Maybe this is on us for not including enough detail in the post, but I'm pretty confident that you would lose your bet no matter how you operationalised it. We did compare ITO to using the encoder to pick features (using the top k) then optimising the weights on those feature at inference time, and to learning a post hoc scale and to address the 'shrinkage' problem where the encoder systematically underweights features, and gradient pursuit consistently outperformed both of them, so I think that gradient pursuit doesn't just fiddle round with low weight, it also chooses features 'better'.

With respect to your threshold thing; the structure of the specific algorithm we used (gradient pursuit) means that if GP has selected a feature, it tends to assign it quite a high weight, so I don't think that would do much; SAE encoders tend to have much more features close to zero, because it's structurally hard for them to avoid doing this. I would almost turn around your argument; i think that low-activating features in a normal SAE are likely to not be particularly interesting or interpretable either, as the structure of an SAE makes it difficult for them to avoid having features that have interference activate spuriously.

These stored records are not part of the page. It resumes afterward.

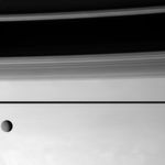 The image was taken with the Cassini spacecraft narrow-angle camera on Aug. 13, 2007 using a spectral filter sensitive to wavelengths of infrared light centered at 750 nanometers. The view was obtained at a distance of approximately 4.1 million kilometers (2.5 million miles) from Saturn. Image scale is 24 kilometers (15 miles) per pixel on Saturn and 21 kilometers (13 miles) per pixel on Rhea.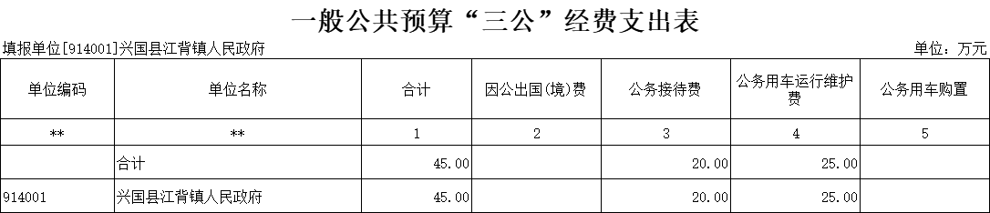 2022年興國縣江背鎮(zhèn)人民政府“三公”經費一般公共預算安排45萬元。其中: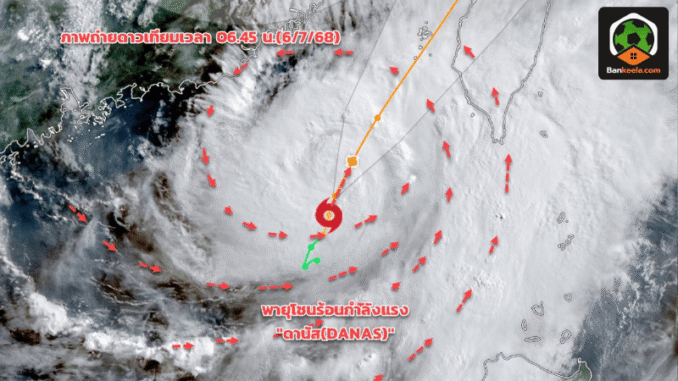เมื่อเวลา 04.00 น. ของวันนี้ (6 ก.ค. 2568) ศูนย์กลางของพายุ “ดานัส” อยู่ที่ละติจูด 21.3 องศาเหนือ ลองจิจูด 118.0 องศาตะวันออก ความเร็วลมสูงสุดใกล้ศูนย์กลาง 90 กม./ชม. เคลื่อนตัวไปทางทิศตะวันออกเฉียงเหนือค่อนทางเหนือเล็กน้อยอย่างเชื่องช้า คาดว่าจะเข้าใกล้เกาะไต้หวันระหว่างวันที่ 6–7 กรกฎาคม 2568 และไม่เคลื่อนเข้าสู่ไทยแต่อย่างใด ทว่าแรงลมและอิทธิพลจากพายุ ทำให้มรสุมตะวันตกเฉียงใต้ในบ้านเรามีกำลังแรงขึ้นอย่างมาก

One quirk of gradient pursuit that is a bit weird is that it will almost always choose a new feature which is orthogonal to the span of features selected so far, which does seem a little artificial.

Whether the way that it chooses features better is actually better for interpretability is difficult to say. As we say in the post, we did manually inspect some examples and we couldn't spot any obvious problems with the ITO decomposition, but we haven't done a properly systematic double blind comparison of ITO to encoder 'explanations' in terms of interpretability because it's quite expensive for us in terms of time.

I think that it's too early to say whether ITO is 'really' helping or not, but I am pretty confident it's worth more exploration, which is why we are spreading the word about this specific algorithm in this snippet (even though we didn't invent it). I think training models using GP at train time, getting rid of the SAE framework altogether, is also worth exploring to be honest. But at the moment it's still quite hard to give sparse decompositions an 'interpretability score' which is objective and not too expensive to make, so it's a bit difficult to see how we would evaluate something like this. (I think auto-interp could be a reasonable way of screening ideas like this once we are running it more easily)

I think there is a fairly reasonable theoretical argument that non-SAE decompositions won't work well for superposition (because the NN can't actually be using an iterative algorithm to read features) but I do think that I haven't really seen any empirical evidence that this is either true or false to be honest, and I don't think we should rule out that non-SAE methods would just work loads better; they do work much better for almost every other sparse optimisation algorithm afaik.